We were subjected to large doses of square bashing and my previous experience in the OTC and ATC came in useful. Everyone had to try and swim a length of the baths and those who couldn’t received a crash course. Numerous tests were used to confirm our fitness to fly, including a night vision assessment. In this you were seated in a dark room on a chair with a restraining collar round your neck. You had to name the objects or shapes which appeared momentarily on a small screen in front of you.
RAF Regents Park opened on 14 June 1941 and received the first intake on 30 June. It closed on 31 August 1944 after more than 115,000 civilians and 44,000 in-service volunteers passed through. Cricket continued, even while flying bombs were passing overhead.

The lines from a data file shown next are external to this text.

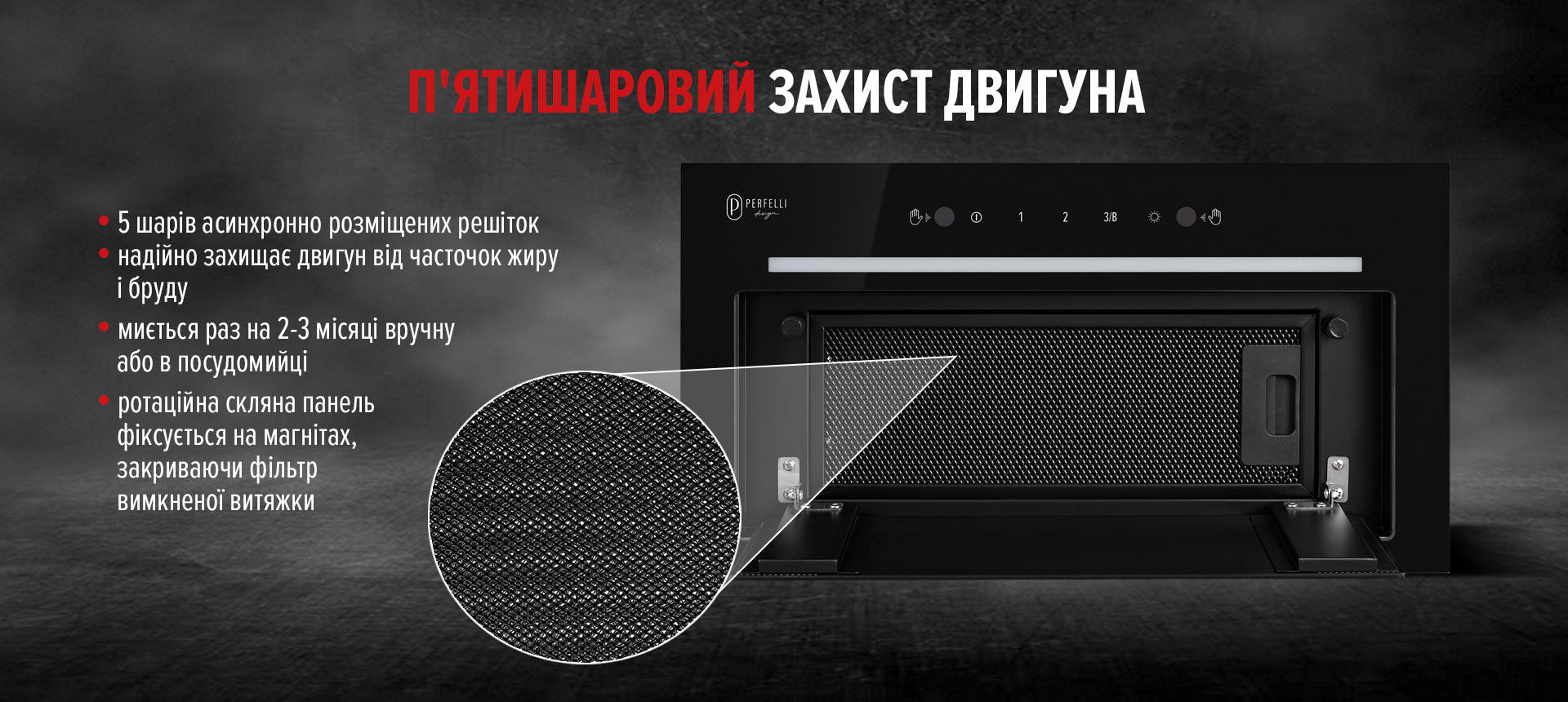 - П’ятишаровий алюмінієвий фільтр чорного кольору з класом ефективності E. Він розміщений під міцною скляною панеллю, яка фіксується магнітами. Це дозволяє легко очищати фільтр і зберігати бездоганний вигляд витяжки.
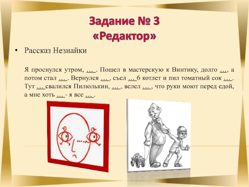 мастерскую к Винтику, долго …, а потом стал … . Вернулся … , съел … 6 котлет и пил томатный сок … . Тут … свалился Пилюлькин, … , велел … , что руки моют перед едой, а мне хоть … - я все … .
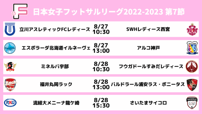 8月27日(土)、28日(日)の2日間、北海きたえーるにて日本女子フットサルリーグ2022-2023 第7節を開催します。今シーズンもSPOTV NOW(登録・視聴無料)にて全試合をライブ配信いたしますので、ぜひご視聴ください!
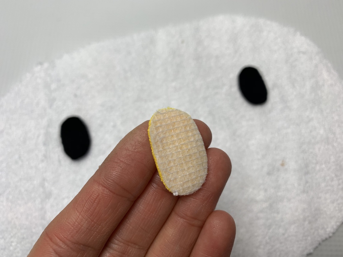 10. Jeśli na pokrowcu mają znaleźć się jakieś aplikacje, należy wykonać je teraz. Mój termofor ma kształt główki Hello Kitty, dlatego potrzebowałam czarnych oczek i żółtego noska. Elementy te wycięłam ze zwykłej dresówki
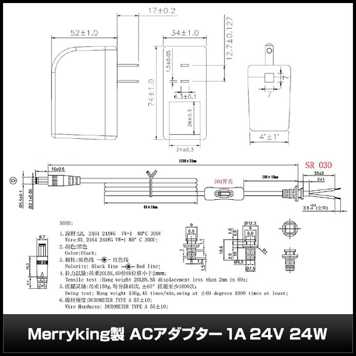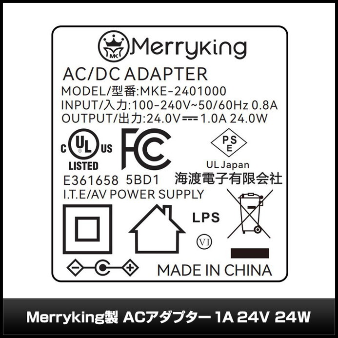 | サイズ:約74.0×52.0×34.0mm(奥行/幅/高さ) ケーブル長(出力):約1.5m スイッチサイズ:61.5×19.1×20.5mm 本体より約10cmの位置 DCジャック外径:5.5mmφ DCジャック内径:2.1mmφ 分類:スイッチングACアダプター 型番:MKE-2401000 出力電圧:24V 出力電流:1A 消費電力:24W メーカー:Merryking(メリーキング) 入力端子:差込プラグ 出力端子:DCジャック ジャックタイプ:ストレート 定格入力電圧:AC100~240V 入力周波数:50/60Hz 極性:センタープラス DCコード規格:AWG24/300V/80℃ 重量(本体):約141g 本体より約10cmの位置に「ON/OFFスイッチ」がついているモデルです。 通電が不要な際は、コンセントから抜かなくとも、ボタンによる操作のみで電源のオン・オフが可能です。 スイッチは、別売りのON/OFFスイッチよりも小さいためよりコンパクトな配線をする際に向いています。 保証:商品到着後、1年間の品質保証が付いております。 万が一品質に問題があった場合は、メールにてご連絡ください。 | |

After the war, David Geach, (1923 – 2015)a bomb aimer in the RAF from 1942, fought a one-man battle to commemorate the sacrifices of his fellow aircrew. He felt the cricket ground should be the home for a memorial to recognise that future generations’ leisure had been brought about by the deaths of thousands of young men who had passed through Lord’s for their training. He spent 11 years campaigning until in 1991 the MCC agreed to erect a plaque, the cost to be borne by Geach, although the MCC tried to save space by saying the tribute should be restricted to 24 words. Geach responded to juggle with odd words for a few inches of wall space is bordering on obscenity, given the nature of the subject and in the end the MCC accepted more appropriate wording and the plaque was unveiled in 1992.
In September 2009 a Lancaster bomber flew over the ground during a match against Australia to commemorate the 65th anniversary of the opening of the reception centre.